As 2021 kicks off with growing optimism that the end of the COVID-19 pandemic could be close, much of the world’s attention should again be turning to the ongoing climate crisis. Between the record number of wildfires in the U.S., the continued warming of the Arctic, and ever-increasing ocean-surface temperatures, the urgency of our predicament is well understood by policymakers, businesspeople, and the public at large.
This year will be a pivotal one in our efforts to mitigate, contain and, ultimately, reverse greenhouse emissions, the major contributor to global warming. With a new U.S. administration pledging major investments in sustainable energy, and many state governments taking significant steps of their own, expect a torrent of activity on the sustainable energy front in 2021, leading to promising developments in both innovation and the economy.
A lot can happen in a year—especially one with as much change and potential global impact as 2021 will have. Here are four ways our collective efforts to grapple with climate change will impact society and the economy in 2021.
1.Extreme weather events will continue to cause significant disruptions to the energy grid.
The reality of climate change was impossible to ignore in 2020. The wildfires that scorched much of the American West set new records in both number and amount of acreage burned, while the country as a whole saw more extreme weather events than ever. Climatologists expect these events to increase in both frequency and intensity in 2021, putting enormous stress on our domestic energy grid.
In response, utility companies will look for new ways to stabilize our energy infrastructure, reduce the impact of extreme weather events, and put us on a path to a more sustainable energy future. Enel X is paving the way for technology, including demand response, energy storage, and electric vehicle smart charging, to improve energy reliability during times of stress on the grid, such as heat waves and cold snaps. Pairing these solutions with renewables and furthering the development of microgrids also holds potential for enhancing energy resiliency during natural disasters and other power interruptions.
2.The role of storage in achieving a 100% renewables electric grid will grow.
The declining cost of battery storage—and substantial improvements in battery technology—will help enable the transition to a fully renewable electric grid. Battery storage gives electric-grid operators and utilities access to stored energy to be delivered when needed, such as during periods of high electricity demand or to smooth the supply of electricity from renewable energy plants to grid. Driven largely by investments in the electric vehicle sector, battery storage has now reached the point where it is making solar and wind stable and reliable energy alternatives to oil and gas. The sector overall is predicted to reach $546 billion in annual revenue by 2035 according to Lux Research.
Storage is also becoming a more viable option for companies that want to improve their energy sustainability while reducing energy costs by combining solar plus storage. In these systems, batteries store energy produced when the sun is shining and release that energy when it’s needed. This has two important benefits for organizations:
- They can tap into that stored energy to avoid using electricity from the grid when it is most expensive, and
- They can be compensated by the local utility for discharging stored energy when needed by the grid operator such as during demand response events.

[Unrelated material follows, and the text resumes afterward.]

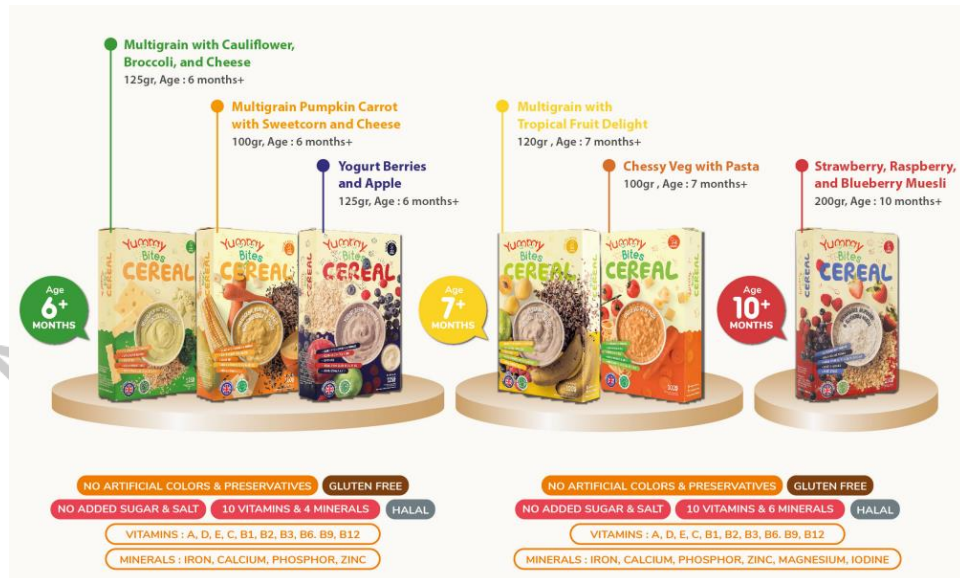
Gambar 2.7 Yummy Bites Cereal

For example, Enel X is helping the University of Massachusetts Boston meet its sustainability goals with a system that integrates a number of emerging clean-energy technologies on the campus, including a solar photovoltaic system on the top of the school’s parking garages, a lithium-ion energy storage system that provides reserve power when the sun isn’t shining, and JuiceBox electric vehicle (EV) chargers to support EVs.
3.Major investments in electric-vehicle infrastructure will have positive effects throughout the economy.

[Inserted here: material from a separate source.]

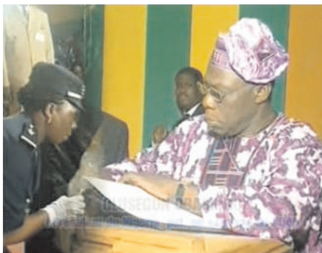
Le président Olusegun Obasanjo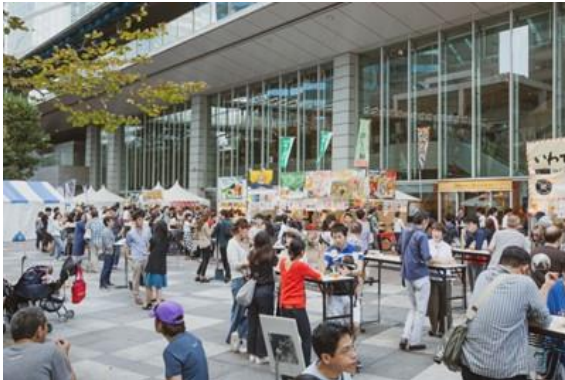
▲「品川インターシティ」で開催されたイベントの様子

General Motors plans to hire 3,000 new employees to develop EVs underscores the enormous role U.S. automakers have in the transition to zero-emissions transportation. With the pending releases of new electric trucks and SUVs, combined with federal support for building EV infrastructure, consumer demand for EVs will continue to increase as that infrastructure becomes even more sophisticated and available. Meeting this growing demand will support original equipment manufacturers’ efforts to expand their product mix into cleaner alternatives, such as pickup trucks, leading to an uptick in job creation in cutting-edge, specialized fields.
4.Companies of all sizes will re-evaluate sustainability commitments as the world’s largest companies audit their supply chains.
Many companies have publicly set ambitious goals for moving to zero or near-zero emissions within the next decades. A critical part of fulfilling that goal will be looking at companies downstream in the supply chain and pushing them to reduce their own carbon footprint.
Companies in sectors such as agriculture, manufacturing, steel, and transportation shouldn’t just prepare for this kind of scrutiny—they should be ready to meet the challenge. By committing to transparency and adopting best practices, companies can ensure that they will not lose business going forward to rivals that can make these commitments.
It’s clear that 2021 will be critical in many ways. While major challenges are still ahead, there are many reasons to be optimistic that a year from now we will be on a clearer path to a clean energy future, with the energy transition driving economic recovery and growth.